Ce désir, cette joie, cet amour sont donc des affects actifs dans la mesure où c'est bien de moi que ces émotions rayonnent et non d'une cause extérieure. Cela ne signifie pas un mépris à l'égard de tout ce qui est extérieur à soi car si le désir d'exister ne vient que de moi, il n'est pas possible d'exister sans rencontrer d'autres êtres s'efforçant eux-mêmes d'exister. Exister, c'est affirmer sa puissance d'être, c'est donc par nature "déborder de soi-même", ne pas se contenter de passions affaiblies, bonnes pour les tièdes ou les médiocres qui confondent rationalité et tiédeur de l'esprit. Mais il n'y a plus illusion concernant l'objet de mon "affect actif" car, dès le départ, je comprends ce qui m'arrive, contrairement à l'avare qui aime l'argent pour une fin extérieure à lui-même et à l'argent, et donc l'objet de mon désir, c'est moi qui le détermine à partir de ce que je suis. Il n'y a pas en ce sens d'illusion possible concernant ma liberté, dans la mesure où l'on dit libre l'être qui n'existe que par la nécessité de sa nature. La joie sera continue car si c'est bien moi qui détermine mon amour et donc ma joie grâce à la musique, rien d'extérieur ne pourra venir démoder ou rendre ennuyeuse la pratique de la musique.

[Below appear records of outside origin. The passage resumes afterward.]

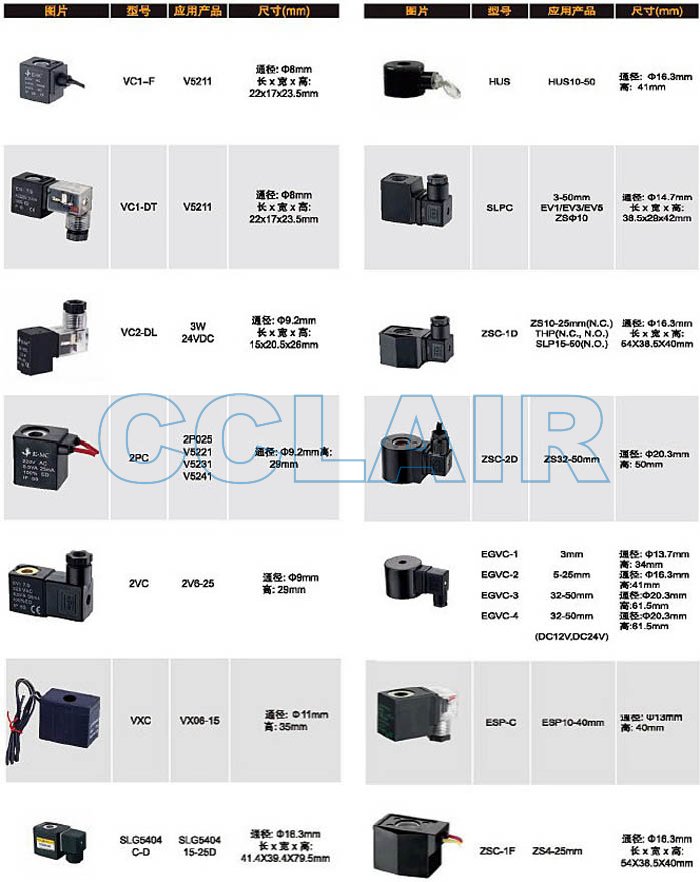 VC1-F,VC1-DT,VC1-DL,ZSC-1D,ZSC-2D,EGVC-1,EGVC-2,EGVC-3,EGVC-4,ESP-C,ZSC-1F,線圈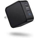 USB C Charger, ESR 65W Fast Charger [GaN], 2-Port USB C PD 3.0 Plus USB A with Foldable Plug Compatible with MacBook Pro, iPhones $12.99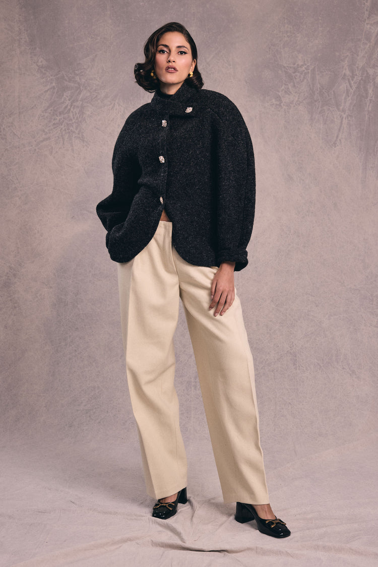 With its combination of structure and softness, OVALO works equally well in heavier fabrics for a statement look or in refined textiles for an elegant everyday wardrobe piece.

Poser la question d'une l'éventuelle lucidité à l'intérieur de la passion, c'est se demander ce que c'est qu'être humain, c'est poser le problème de la nature humaine. Si nous définissons l'homme comme "animal raisonnable" alors toute affectivité sera conçue comme détermination extérieure à l'homme, car l'affectivité est changement alors que les idées de la raison sont définitives. Mais alors il serait à jamais impossible de comprendre nos passions, elles ne pourraient que nous échapper. Envisager qu'il y ait illusion dans les passions, c'est en faire des objets de connaissance, c'est considérer l'homme comme un être devant à la fois être conçu comme être rationnel et être ayant le pouvoir d'être affecté. Mais alors, le mot passion doit être réservé, dans le langage en principe précis de la philosophie, aux affects qui échappent à la raison, non parce qu'ils sont incompréhensibles mais parce que la raison ne s'y est pas encore attardée. Un affect qui échappe à la raison est une émotion que je ne peux comprendre entièrement, parce qu'elle ne vient pas entièrement de moi. Un affect "rationnel" n'est pas une simple idée vraie, qu'on décréterait plaisante, mais l'augmentation réelle de ma capacité à "déborder" de moi-même, augmentation que je comprends comme un effet nécessaire à partir de la cause que je suis.